The skating rink in Forest Park opened in 1957, a gift to the city from Etta Steinberg as a Memorial to her late husband, Mark C Steinberg, an investment broker.
This sort of thing had been going on since the 19th century, when Jewish St. Louisans first began to succeed in their new home.
- Philanthropy and sponsorship of the arts was a big part of how Jews, I won't use the word assimilated, but of how they showed their patriotism and also their gratitude to America.
- [Paul] Aaron Fuller was one of those Jewish American success stories.
He was one of the founding partners of the Sticks Baron Fuller Company, and the Grand Leader department store.
By the 1920s, he was a very, very wealthy man, but he and his partners did not start out with all this, did not start out with mansions, or a store that covered a city block.
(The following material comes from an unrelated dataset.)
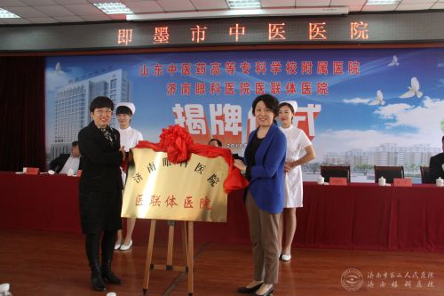 (济南眼科医院)医联体医院揭牌仪式在即墨市中医院举行。山东省卫计委中医药综合处杨玉坡副处长、青岛市中医药管理局赵国磊副局长、即墨市政府管元江副市长、即墨市卫计局杨岩局长、乔绪辉副局长、美女视频

This was the much more humble start of the Sticks Baron Fuller story.
Two brothers, Julius and Sigmund Baer, had arrived from Germany, young and alone, but with the name of a relative and a place to go.
Fort Smith, Arkansas.
The relative lent them money to open this store in a nearby small town on the Arkansas river.
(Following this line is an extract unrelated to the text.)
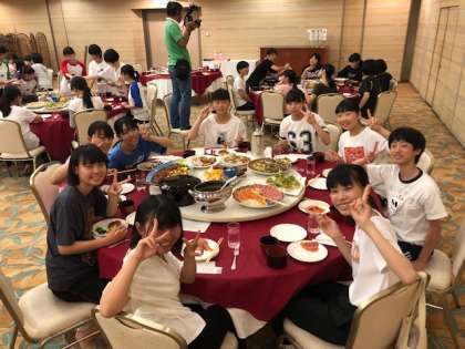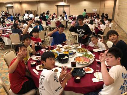 体験活動、ラフティングと体力を使ったので、みんなで取り分けてくたくさん食べました。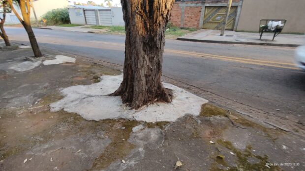 O estrangulamento da árvore com concreto também é uma prática comum que fere o PDAU. Ao não garantir a área permeável sem pavimentação na calçada do imóvel, em torno de cada árvore, o responsável pode responder pela negligência.

- Fort Smith, at that time, was the last outpost before Oklahoma.
Fort Smith was an Army Garrison, and they handled goods, and wagons, and tools for people who were homesteading in Oklahoma, and North Texas, and all that stuff.
They prospered, they worked hard.
Those guys really worked hard.
They slept on the counters at night a lot of times so the store could be open first thing in the morning for some guy who had to come in and get out, and they wanted to be of service.
- [Paul] Aaron Fuller came to America when he was just 14, worked for a while in Chicago, and then he too headed for Arkansas and went into business with Julius and Sigmund Baer.
They bought a store on Fort Smith's main street and called it the Boston Store.
It grew bigger along with the town, and they opened branches, and the partners became relatives when Aaron Fuller married Julius and Sigmund's sister, Frieda.
- They often married the sisters or cousins of their business partners, and that's how business connections got established.
And the Jewish, the early Jewish economy in America was much reliant on family ties, and on more general Jewish connections.
- [Paul] Towns like Fort Smith weren't really isolated outposts.
They were ties to bigger cities, the manufacturing, distribution, and banking centers.
And for much of the south and the west, that center was St. Louis, the kind of place that drew ambitious men.
(horn beeping) This, the late 1800's and early 1900's, was the age of the hustling and bustling downtown.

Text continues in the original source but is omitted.